I know one or two photographers who rent retail space (storefront) just for the sake of having that presence.  People in the town/city see the store and know who/where you are.  You are seen a a member of the local community, and not just somebody working out of their basement, who may or may not be around when it comes to shoot the wedding that they have put a deposit on.  It doesn't even have to be a studio space (especially if it's mainly weddings that you shoot).  It's just the fact that you have a 'real' business space.  They use it for displaying their work and maybe for sales meetings etc.  

As someone was mentioning above...there is the whole 'work from home' issue.  So do you put your 'office' in your home or keep it separate?  Many of us know very well that it can be hard to get work done when you're working in a home-office with your family around.  Some people rent space, mainly because it's a place where they can get out of the house and get some work done.  

Of course, there are many shades of grey between the options.  I know of at least one photographer who has a home-office, but separate it from their home.  A loft above the garage, for example.  It's a place to work, maybe a place to meet clients, but it's not in your basement or livingroom, which would interrupt your family life.  
I know a couple who bought their house because it had an over-sized garage, which they turned into a very nice studio.  They also teach classes out of there, have small meetings/seminars etc.  I don't know if they rent it out to other photographers...but they let me use it when I ask.

I can't think of their names, but I went to a seminar by a photographer (a couple) who decided to move to a different area.  They hired an architect to design them a house/studio.  It is a rather large house, but the living space was separated from most of the building, and it was all designed with the idea of natural light shooting areas, inside and out.  They created a huge 'fantasy' garden behind the house.  Very impressive...although, I'm sure it was outrageously expensive.


----------



## jake337 (Mar 27, 2012)

How much acreage do you have?  What about setting up a studio at your house, but not attached?  The link posted is just the first on I came across on google.

STANDARD KITS & PRICES « DIY Pole Barns - Pole Barn Kits, Pole Buildings, Packages, Builders, Prices, Plans


----------



## Big Mike (Mar 27, 2012)

Or you could build a giant softbox and have your studio inside it.

Norseman Structures | Fabric Building Solutions
(company I work for)


----------



## Lchdz (Mar 27, 2012)

Im practicing in my garage currently!  Good size and I'm in Phoenix so weather is amazing right now.  Once summer hits I'll need to find a cooler place tho.... :x


----------



## jake337 (Mar 27, 2012)

Lchdz said:


> Im practicing in my garage currently!  Good size and I'm in Phoenix so weather is amazing right now.  Once summer hits I'll need to find a cooler place tho.... :x



Insulate and add a small window A/C unit.


----------



## c.cloudwalker (Mar 27, 2012)

jake337 said:


> How much acreage do you have?  What about setting up a studio at your house, but not attached?

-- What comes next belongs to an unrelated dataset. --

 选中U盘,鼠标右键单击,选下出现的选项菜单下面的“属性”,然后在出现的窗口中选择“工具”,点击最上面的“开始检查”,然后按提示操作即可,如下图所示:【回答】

This is exactly what I did. The studio was built in the rear of the property with a separate entrance and the (legal) possibility to split the property eventually for sale of the business without selling my house.

If you're going to build a business you definitely want to be able to sell it if it works out...

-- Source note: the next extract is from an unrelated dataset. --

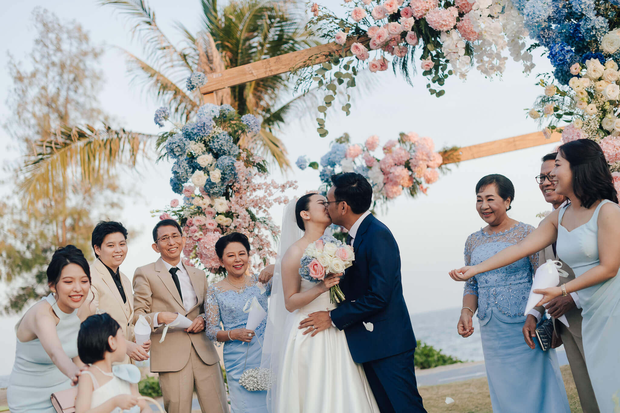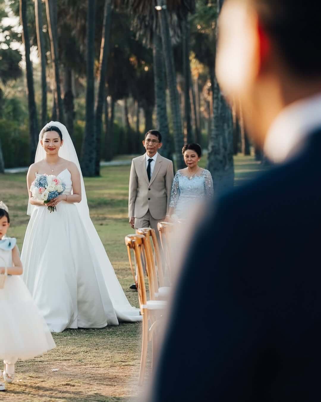 Dưới ánh nắng vàng dịu nhẹ của buổi chiều hôm ấy, nàng dâu Emerald đến từ Thái Lan của chúng mình xuất hiện thật ngọt ngào trong chiếc váy cưới satin tối giản, được thiết kế riêng cho nghi lễ cưới ven biển. Với niềm “đam mê” với những thiết kế váy cưới tối giản hiện đại và sang trọng, ngay từ buổi trao đổi đầu tiên, cô dâu Emerald kiên định lựa chọn váy cưới chất liệu mikado silk thanh lịch. Thiết kế không có bất kỳ chi tiết đính kết nào, bởi điểm nhấn nơ to bản phía trước ngực là điểm đặc biệt của chiếc váy, như thay lời muốn nói về vẻ đẹp dịu dàng và đáng yêu của nàng dâu. Một chiếc váy cưới thiết kế, không cầu kỳ, nhưng đầy đủ cảm xúc để nâng đỡ từng bước nàng chuyển động, từng ánh nhìn của Emerald trong khoảnh khắc thiêng liêng nhất đời người.

And not every business buyer will be interested in buying the house with it!

That is what happened to me but... I'm in the country (boonies, kind of), another house in the village would have cost him as much with no advantage whatsoever .

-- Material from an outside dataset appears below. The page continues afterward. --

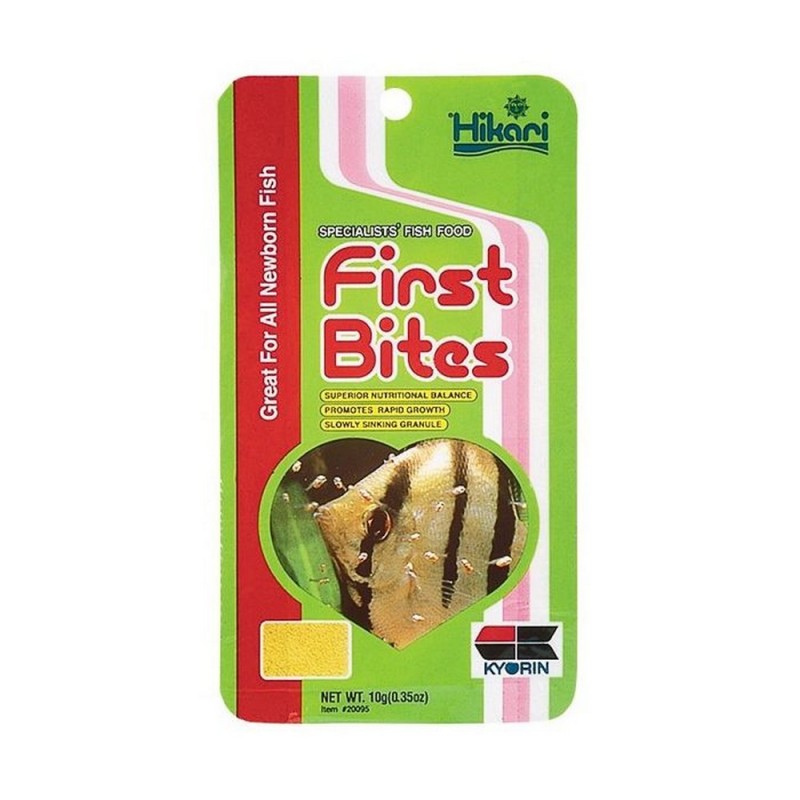 Mangime speciale per pesci appena nati. È un alimento molto nutriente e contiene tutte le vitamine e i minerali necessari. Garantisce una rapida crescita senza distorsioni e aumenta la resistenza. Hikari First Bites è semi galleggiante e quindi facile da dosare per evitare troppo spreco.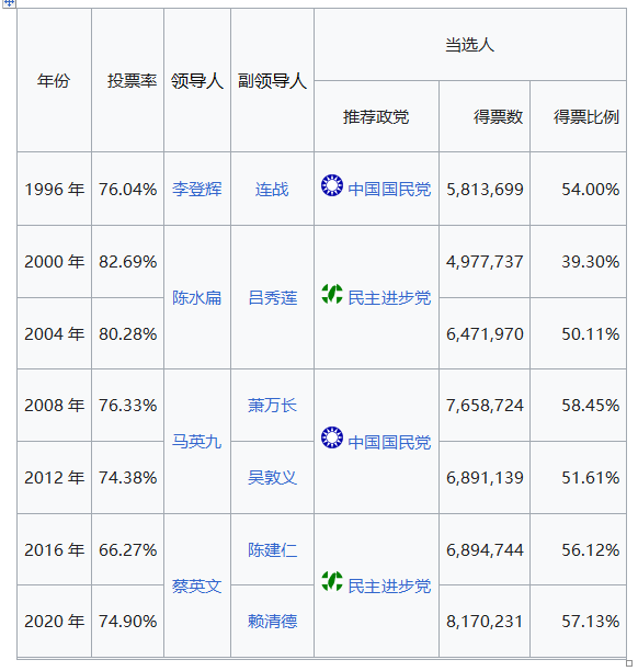 臺(tái)灣的領(lǐng)導(dǎo)人直選列表

The view from my side was a bit different because this is the first house I ever bought, when I was only 21, it's an absolutely beautiful house, and over the years I've done work to it to fit my personality. But when I considered all the details such as having the new owner's traffic go right by my house, the possibility of the new owner knocking on my door everytime something goes wrong for him, etc, etc I decided to try and sell a package. It worked out for me because of my location and the kind of work being done here but...

it sure is something I hadn't really given much thought to when I built the studio although it is something that needs to be considered.


----------